Pick the Best RegEx Library to Discover Sensitive Data

When improving your product’s security, processing large quantities of information in log files and internet packets is inevitable. You might need to find a specific data type when analyzing logs or even search for digital evidence if a security incident occurs. One of the key ways to help your team quickly detect desired information within tons of data is by using regular expressions (RegEx).

However, creating efficient regular expressions and choosing the most suitable RegEx library (engine) is not that easy.

In this article, we briefly explore the advantages of working with regular expressions in cybersecurity and take a look at five popular RegEx libraries. We provide examples of RegEx to search for different types of data and use these examples to check how each RegEx engine performs. Apart from finding the fastest RegEx library, you’ll also find comparison tables with test results and our recommendations on which libraries to use for which occasions.

This article will be helpful for technical leaders whose development teams are working on improving product cybersecurity and enhancing the protection of sensitive data.

The role of regular expressions in a product’s cybersecurity

What are regular expressions?

A regular expression, also called RegEx, is a string of text consisting of one or more characters that creates a search pattern.

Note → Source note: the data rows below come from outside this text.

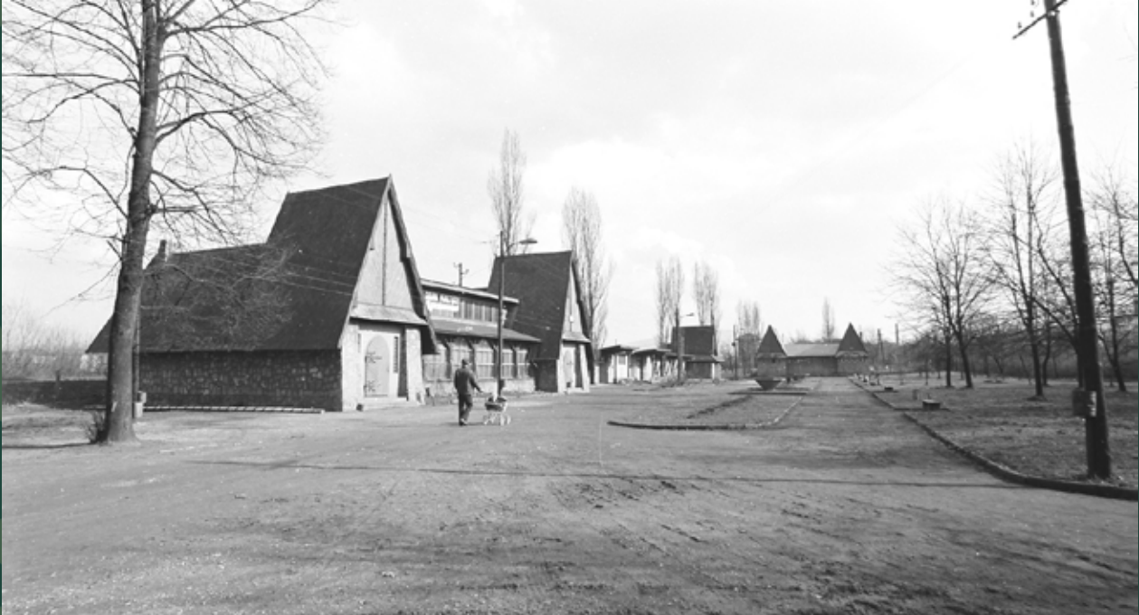
Park nad Wisłą – Dom Kultury „Tryton”, 1971 rok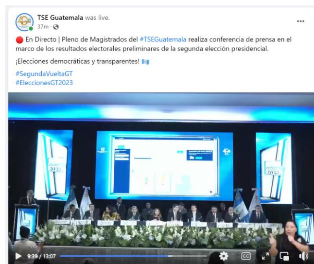
Foto: Transmisión del TSEG vía Facebook Live, brindando las estadísticas hasta las 8:00 p.m. Ver: https://fb.watch/myx075rkDv/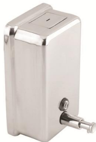
DJ0111C Acabado brillante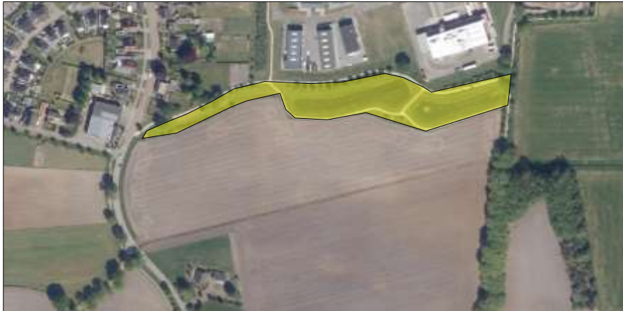
Op bovenstaande luchtfoto wordt het functionele leefgebied van amfibieën weergegeven.

Door het dempen van de vijver en het uitvoeren van grondverzet rondom de vijvers wordt mogelijk een amfibie gedood en wordt een winterrust- en voortplantingsplaats van amfibieën beschadigd en vernield.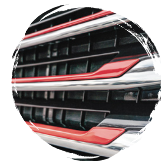
MAN Original Designstreifen Kühlergrill (Set) ab: CHF 229.-

Developers use such patterns to find matches in input texts with the help of RegEx engines.

Most regular expressions consist of different combinations of constants (sets of strings) and operators (symbols that denote operations over these strings), making RegEx a powerful tool for pattern matching.

You can apply RegEx for various purposes like parsing large amounts of text to find specific character patterns or adding extracted strings to a collection to generate a report. Regular expressions also help engineers find all text files in a file manager, search for specific data types, and validate text to ensure it matches a predefined pattern. For example, you can use regular expressions for finding social security numbers.

All scripting languages including Perl, Python, PHP, and JavaScript support RegEx. Apart from scripts, regular expressions can appear in the main code of a program, especially if your project is focused on cybersecurity. You can also use regular expressions when:

Working with Java
Searching text in word processors like Microsoft Word
Working directly from the command line and in text editors to find text within a file

However, RegEx isn’t suitable for working with HTML and XML.

How can you use RegEx for your product’s cybersecurity?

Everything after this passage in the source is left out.